Recife, 1961. Uma tarde por semana, filas imensas se formam diante de um sobrado relativamente modesto, às margens do Capeberibe, na Rua da Aurora, pouco adiante do célebre Buraco da Otilia, onde se comia a melhor galinha ao molho pardo do planeta.
Nessa tarde, o ocupante da casa, um homem à antiga, recebe pessoalmente, um a um, o que os gregos antigos chamava hoi polloi, o brasileiríssimo povão. Na agenda imemorial, pedidos de emprego, dinheiro, internações: que mais o povo pobre deste país tem a pedir a uma autoridade?

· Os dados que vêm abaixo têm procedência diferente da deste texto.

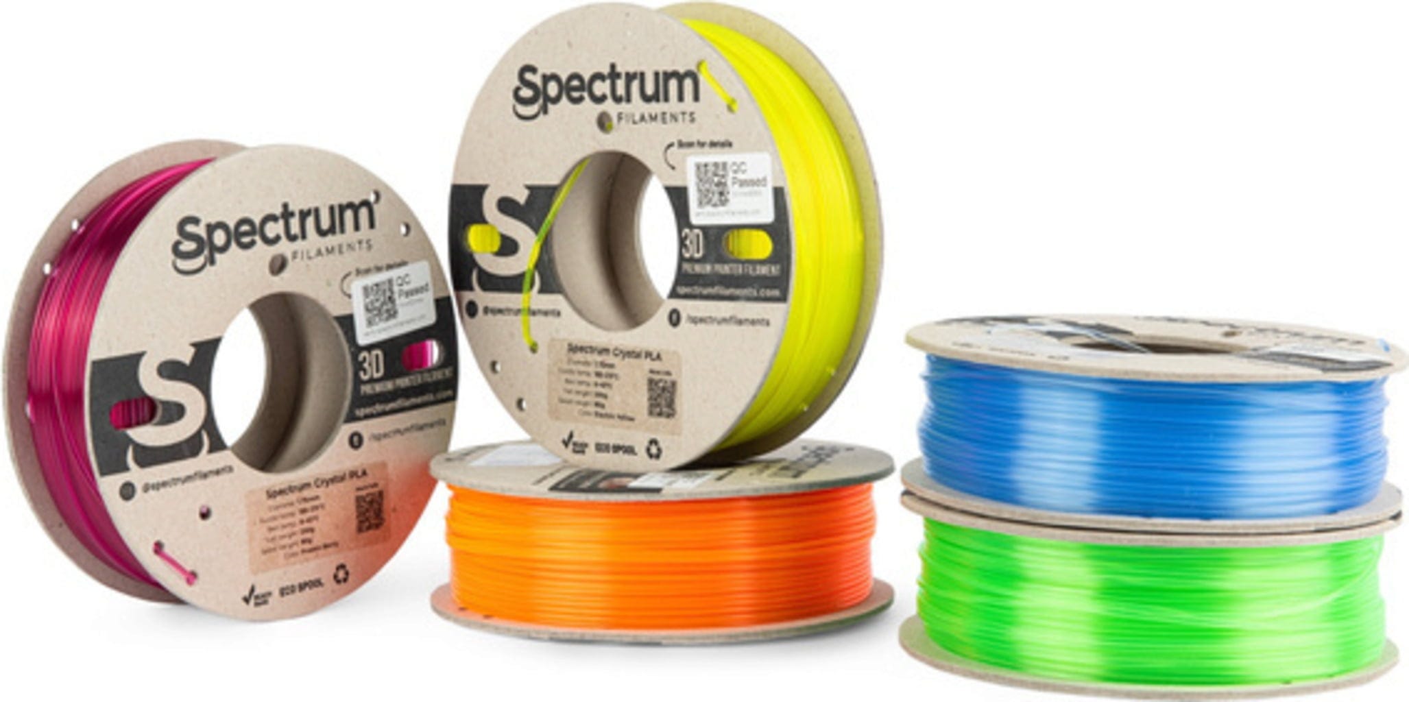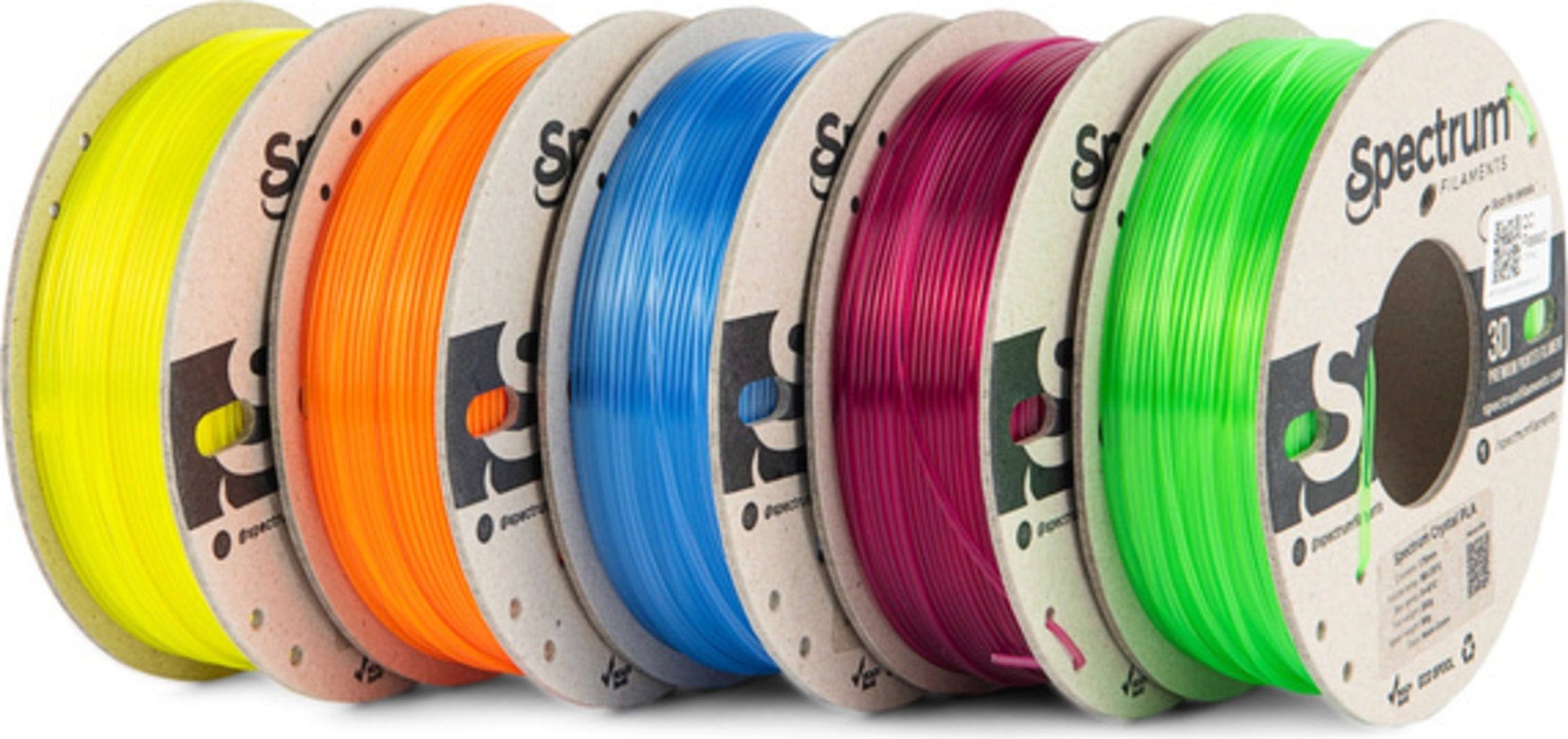 Toate filamentele incluse sunt realizate din PLA cu grad ridicat de cristalinitate și impresionează prin claritate optică ridicată și un flux material stabil și uniform.

O homem ouvia com atenção todos quantos coubessem na jornada. Só não deixava que lhe beijassem as mãos. Ao seu lado, um funcionário anotava num caderno, a lápis, pedido, nome e endereço do pedinte.
O que acontecia com os pedidos eu obviamente jamais saberia. Mas lembro daquelas figuras de romance de Graciliano Ramos saíndo do sobrado, sede da Prefeitura do Recife, falando com lágrimas nos olhos de quem as tinha recebido – algo inimaginável em suas vidas. Era o Pai Arraia.
Lembro também do gringo que a tudo assistia bestificado. Era um repórter do Los Angeles Times. Ele já tinha o lide de sua matéria: ‘A revolution is starting in Brazil. Mr Miguel Arraes, the left-wing mayor of Recife…’.
São Paulo, 1962. Tarde de sábado no João Sebastião Bar, na mesma Rua Major Sertório dos celestiais inferninhos que não existem mais. Casa cheia para a feijoada espetacular do boteco idem do Paulo Cotrim das artes e da noite. Rádio ligado a pleno volume. De repente, a notícia esperada irrompe. ‘E atenção, terminaram as apurações da eleição para governador de Estado em Pernambuco. De virada na contagem dos votos, o vencedor é Miguel Arraes…’
O resto da notícia ninguém mais ouviu. A casa em peso cantava o Hino Nacional. A meu lado, Geraldo Vandré chorava convulsivamente. Não era o único.
Em algum lugar entre Brasília e São Paulo, a bordo do 737 da Vasp, 1985. A meu lado, o deputado federal Miguel Arraes me faz perguntas que não consigo responder porque não consigo ouvi-las. O quase setentão fala para dentro, roufenho e enrolado ainda por cima. O barulho dos reatores faz o resto. Tomamos, cada um, duas doses de uísque, embora nåo fosse o seu Johnnie Walker Black Label de todos os dias, a que atribuía a sua boa disposição e certeza de que teria vida longa.
Não me lembro se nos brindamos. Pelo sim, pelo não, saúde, governador.